What I don’t understand:

Both the softmax input and output dimension is N, the theta gradient before softmax should be NN matrix. Why is it a 1N tensor here?
Does the gradient vanish because of the absolute value?

The model works fine with cross-entropy loss and with the same image. Thanks for any advice!!

ptrblck · February 12, 2023, 4:35pm

Based on your code you might be checking the scaled gradients. If you want to print the real gradients you could unscaled them first via the scaler object.

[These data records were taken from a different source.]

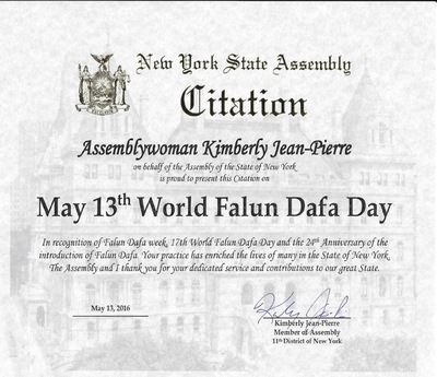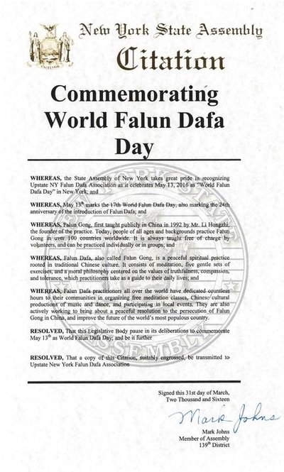 (Minghui.org) This May marks the 17 th annual celebration of World Falun Dafa Day – a joyous occasion to reflect on the many benefits that Falun Dafa has brought to the world. While the holiday is especially important to Dafa practitioners, friends and supporters around the world have also taken note of the importance of this celebration. Sixty-two State Assembly Members from New York have recently sent letters of congratulation and issued proclamations in honor of Falun Dafa, praising the universal values of Truthfulness-Compassion-Forbearance and Falun Dafa's positive impact on society.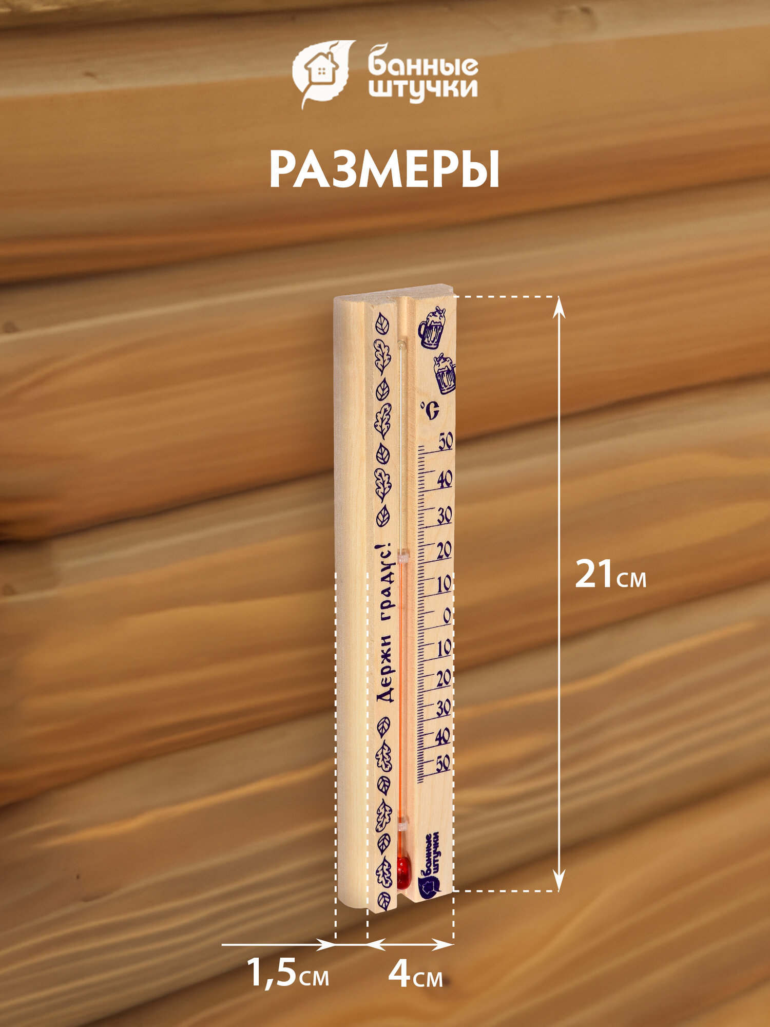 Купить Термометр "Держи градус!" 21x4x1,5 см в предбанник "Банные штучки" дерево/комнатный/настенный/с рисунком
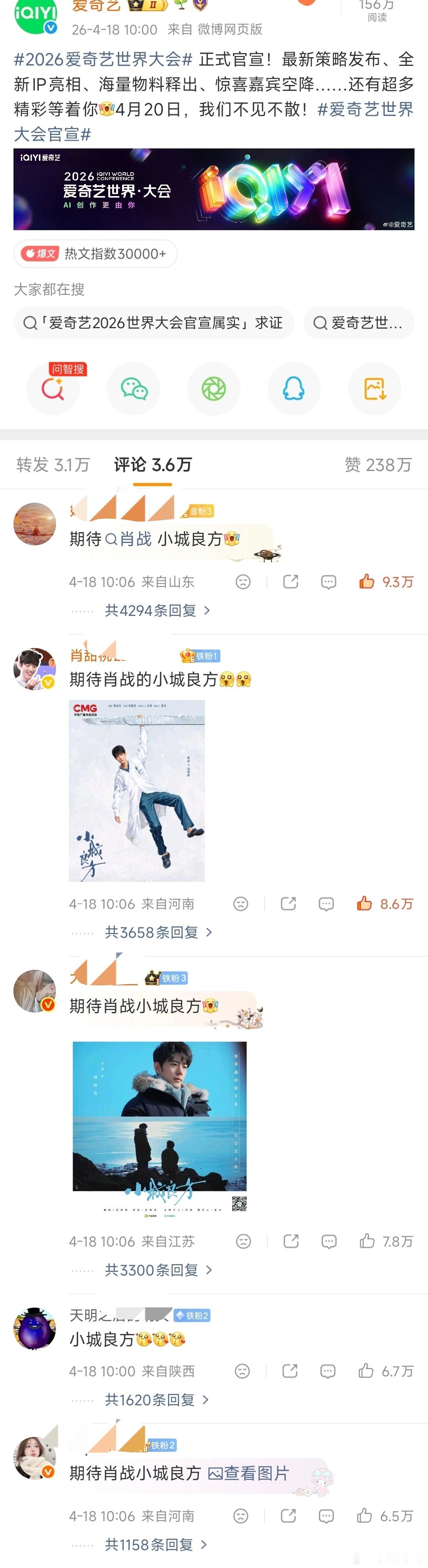 🥝官博和新浪官博世界大会的前排,都被肖战粉丝拿下一整天了且领先优势越来越大,手搓到将近10万断层内赞,🦐人头数太可怕了也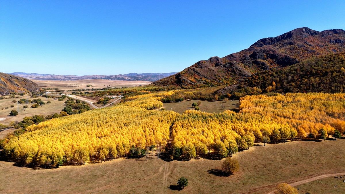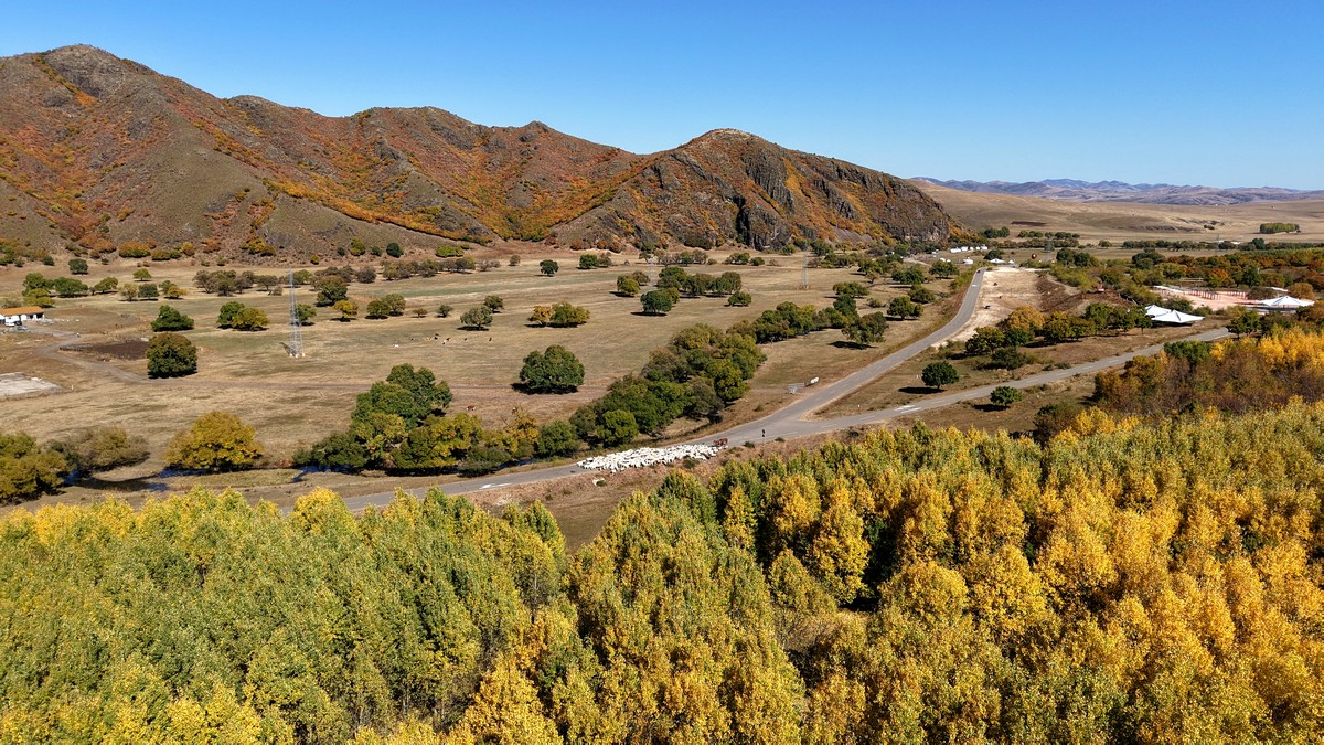 黑羊山旅游度假區(qū),海拔1319米,因這里的山形似黑羊頭得名。金秋時節(jié),整個景區(qū)被一片五彩斑斕的世界所籠罩,藍天、白云、溪流、牛羊群構成一幅醉人的畫卷,恍若進入童話世界。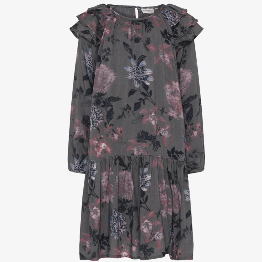 Gewebtes Kleid von MINYMO. Es ist allover mit großen Blumen bedruckt und hat mehrere Lagen Rüschen an den Schultern. Feine Raffung am Ausschnitt sowie im unteren Teil des Rocks. Gummizug am Ende der Ärmel. Es wird mit einem Knopf auf der Rückseite geöffnet, so dass es leicht an- und auszuziehen ist.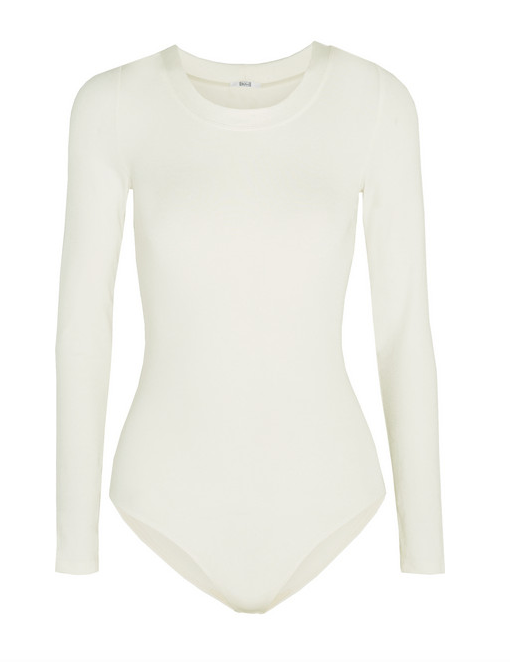 Khloe Kardashian stepped out for a taping of Keeping Up With The Kardashians, cloaked in all white for a quick lunch with Scott Disick at Blue Jam Restaurant. For the occasion, she wore a $240 Wolford ‘Berlin’ stretch jersey bodysuit, $340 Frame Denim ‘Le Skinny De Jeanne’ white mid-rise jeans, a $2,030 Valentino ‘Rockstud Camo’ Flap Clutch, and $725 Christian Louboutin ‘So Kate’ Pumps.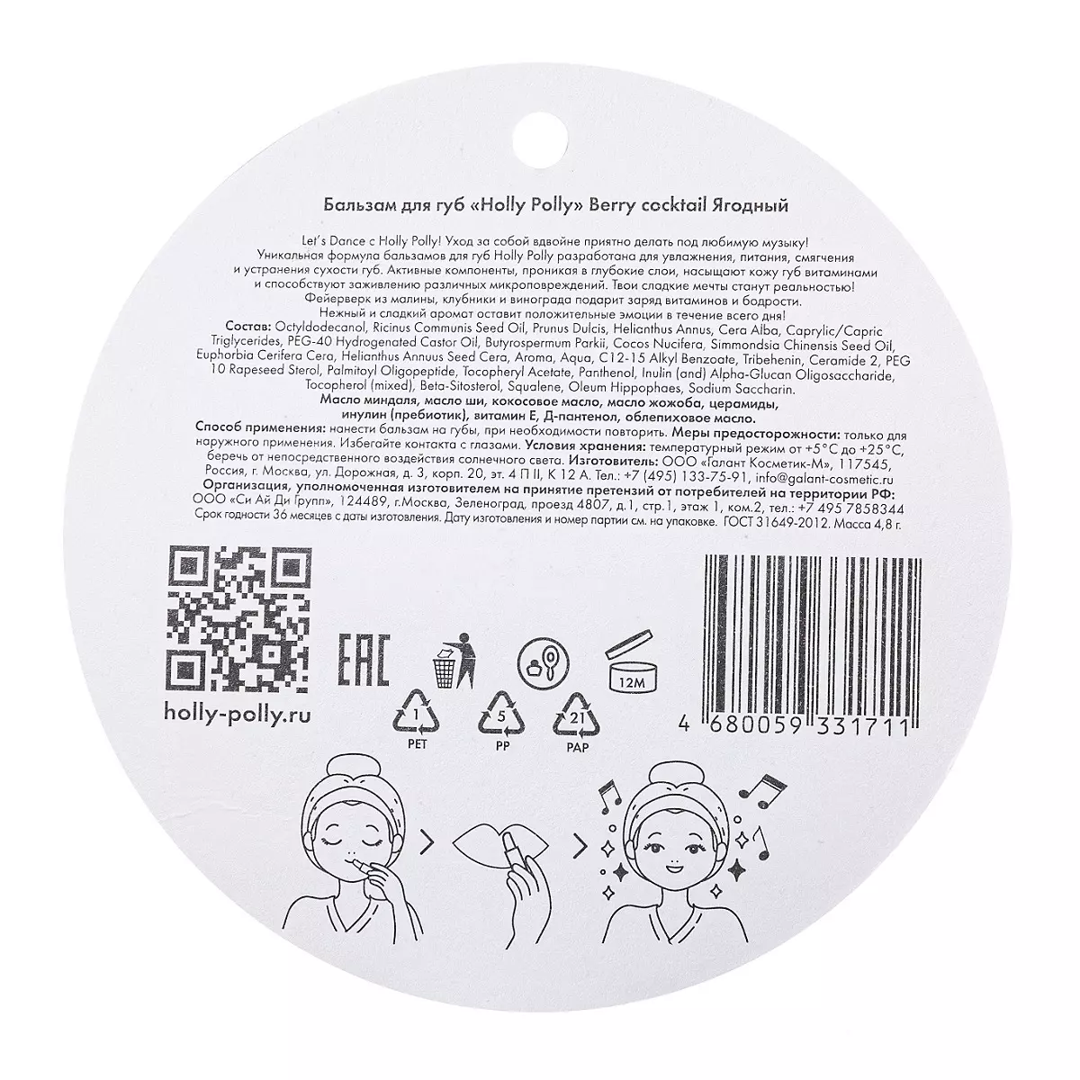 Let’s Dance c Holly Polly! Уход за собой вдвойне приятно делать под любимую музыку! Уникальная формула бальзамов для губ Holly Polly разработана для увлажнения, питания, смягчения и устранения сухости губ. Активные компоненты, проникая в глубокие слои, насыщают кожу губ витаминами и способствуют заживлению различных микроповреждений. Твои сладкие мечты станут реальностью! Фейерверк из малины, клубники и винограда подарит заряд витаминов и бодрости. Нежный и сладкий аромат оставит положительные эмоции в течении всего дня! АКТИВНЫЕ КОМПОНЕНТЫ Активы: масло миндаля, масло ши, кокосовое масло, масло жожоба, церамиды, инулин (пребиотик), витамин Е, Д-пантенол, облепиховое масло. Можно использовать детям с 3-х лет.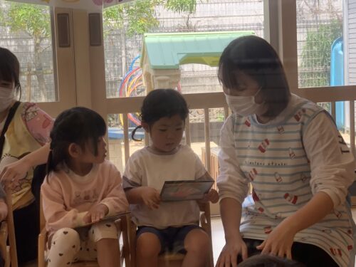 だいちぐみさん(1歳児)は少し恥ずかしがりながらもみんなにカードを見せてくれたり、写っている自分の顔を見て微笑んだりしながら、楽しんで参加しています🥰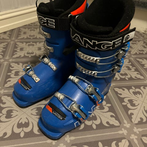 Lange LZ 60 alpinstøvel i blå farge med størrelse 21,5 cm. Støvelen har tre spenner for justering og en solid såle. Egnet for barn str 33-34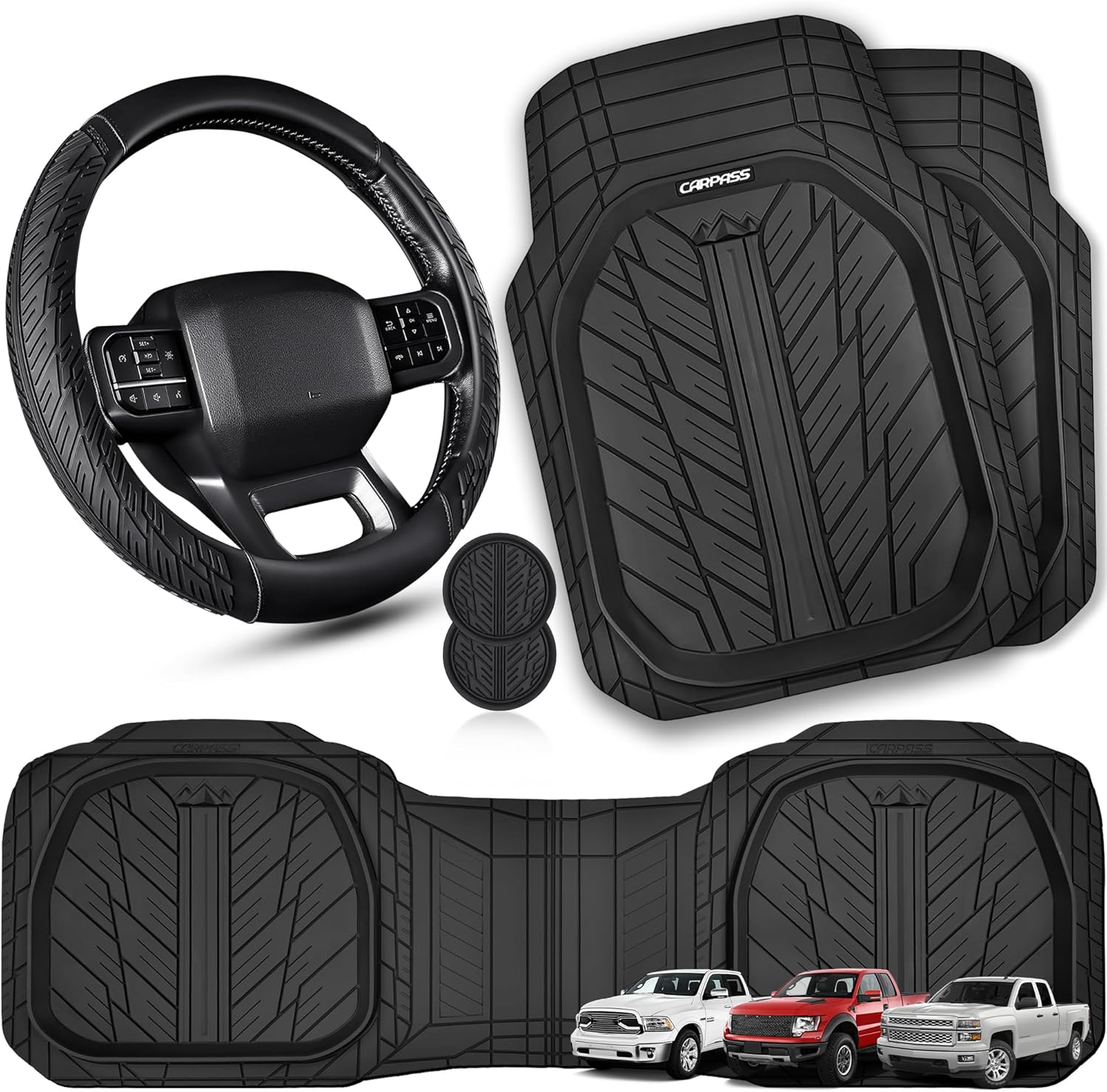 CAR PASS Rubber Leather Steering Wheel Cover Large-Size 15.5-16 Inches Fit for Truck SUV Large Car Ram F150 Tundra 4Runner Tacoma, XXL Heavy Duty Deep-Dish Car Floor Mats, Trim-to-Fit Car Mat Black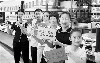 | 位于武义县东南工业区的南唐食府农家乐,每天有300多名企业职工在此就餐。图为农家乐员工与就餐客人手举提示牌,承诺杜绝浪费从我做起。通讯员张建成 摄 |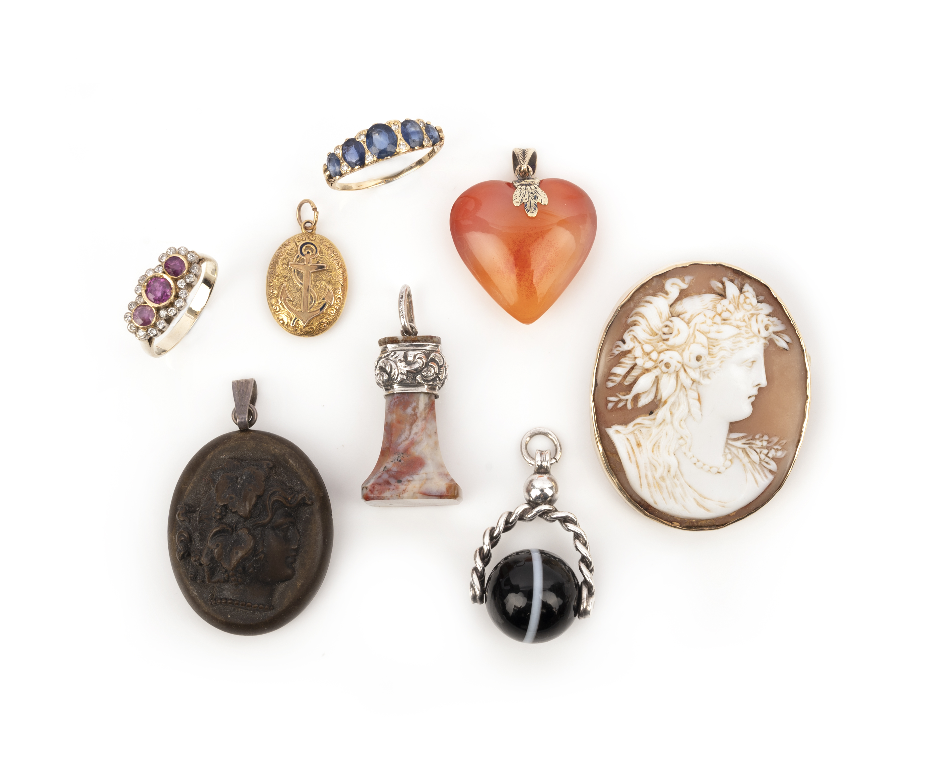 A collection of jewels, comprising: a ring set with three circular-cut rubies within borders of brilliant-cut diamonds, mounted in gold, size P; a sapphire five-stone ring accented with brilliant-cut diamonds, mounted in gold, size P, stamped 15ct; a shell cameo brooch depicting a Bacchante; a carnelian heart pendant; a jasper fob seal; a bog oak locket depicting a Bacchante; a gold locket depicting an anchor, containing a lock of hair; and a silver pendant set with a banded onyx bead

XZLeo · February 12, 2023, 5:07pm

Thanks for the reply first!
I added scaler.unscale_(optimizer) after scaler.scale(loss).backward() and printed the gradient again. The values are still scaled by 65536.

XZLeo · February 12, 2023, 7:37pm

Now I got it. When I removed the scaler, the gradient from backpropagation looks the same as the one from autograd. Though the problem of gradient vanishing still exists. I modified the question.